Барбер прочел его и пожал плечами. На сей раз он никому не стал показывать письмо, а скомкал его и сунул в брючный карман. С серьезным видом он забрался в «роллс-ройс» и отбыл в суд. Там он невозмутимо уселся на свою судейскую скамью, чтобы продолжить прерванное накануне рассмотрение гражданских исков. Два первых по списку были исками по возмещению ущербов, нанесенных в результате автомобильных аварий. Барбер отнесся к ним со всей объективностью, но компенсации, которые он присудил пострадавшим, тяготели к нижнему пределу.
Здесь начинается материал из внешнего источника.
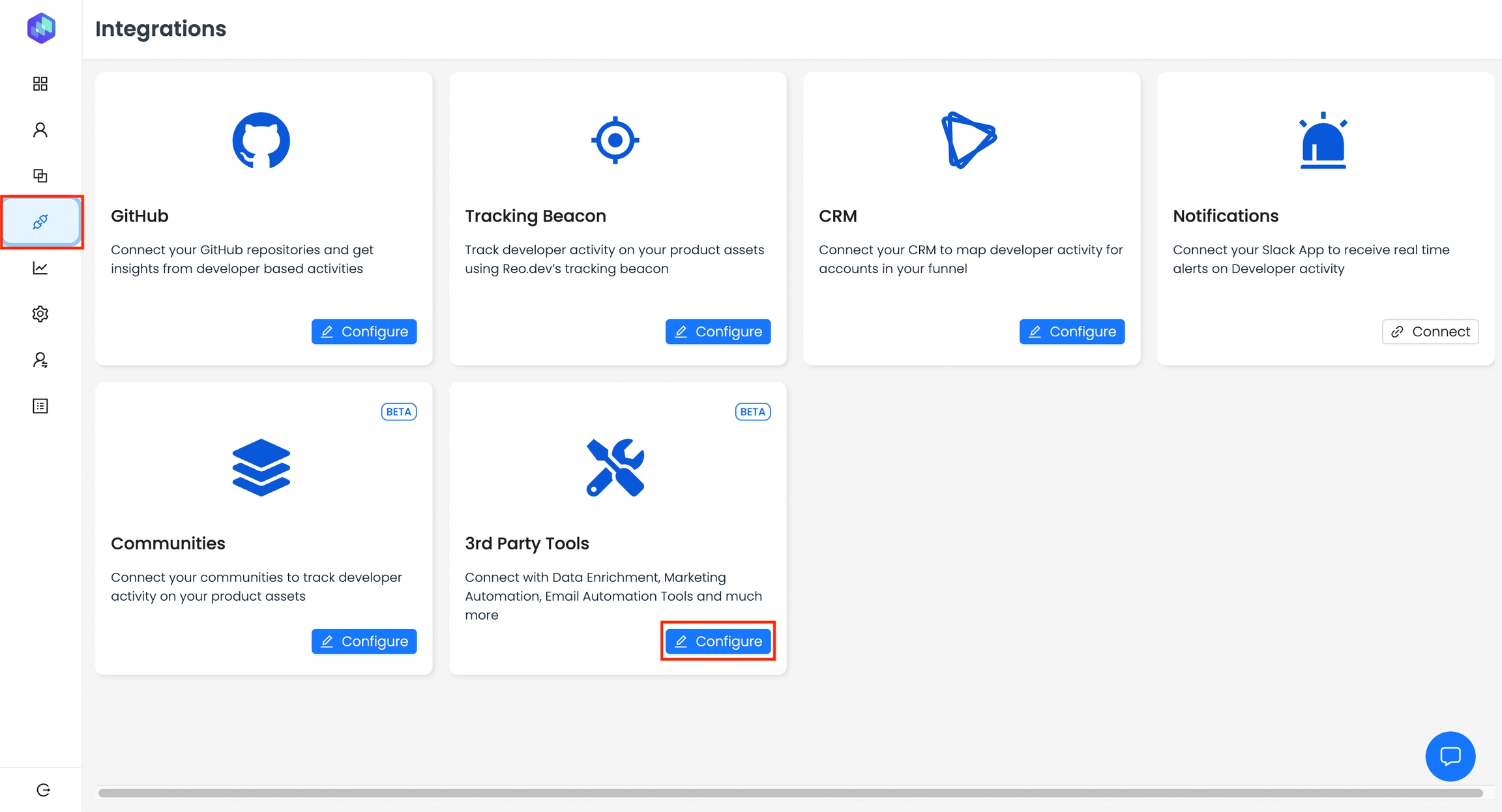 Step 2: Head to Integrations on the Nav Bar and then Configure under 3rd Party Tools.

Поначалу судья собирался ехать в Саутингтон, следующий город на маршруте турне, в собственном автомобиле, но в сложившихся обстоятельствах об этом, разумеется, не могло быть и речи. Машину — виновницу аварии оставили в гараже в Маркхэмптоне до того времени, когда ее можно будет забрать оттуда, не нарушая закона, и Барбер вместе со своим маршалом и остальными винтиками громоздкого механизма правосудия отправился на поезде. Это было утомительное путешествие. Колея железной дороги Южного района тянулась от графства к графству, повторяя рисунок пути, который был проложен еще во времена Генриха II и соответствовал тогдашним нуждам. К сожалению, железнодорожные дельцы Викторианской эпохи, руководствуясь исключительно коммерческими соображениями, прокладывали дороги без учета удобств судейского корпуса. Они не воспаряли мыслью выше простой идеи соединить одной линией Маркхэмптон с Лондоном и другой — Лондон с узловой станцией Дидбери, откуда до Саутингтона медленно тащилась петляющая ветка. Их мелкие урбанистические потребности были направлены только на проблему перемещения пассажиров и грузов в столицу и из нее, и им никогда не приходило в голову подумать о тех, кому всерьез необходимо попасть из Маркхэмптона непосредственно в Саутингтон. Во всяком случае, возможно, потому, что эти два города входили в разные железнодорожные системы, такой переезд получался настолько трудным, насколько это вообще возможно. Система ассизного судопроизводства, которая двигалась вперед вместе со временем, но на шаг или два отставая от него, в ходе девятнадцатого века пришла к выводу, что путешествие по рельсам, даже столь неудобно проложенным, все же немного быстрей, чем путешествие в экипаже, и нехотя приняла решение впредь пользоваться небезупречными услугами железной дороги. В настоящее время саутингтонский автобус, который покрывает нужное расстояние за полтора часа, три раза в день проходит мимо маркхэмптонской резиденции ассизного судьи, но это достижение цивилизации пока не входит в сферу внимания официальных властей.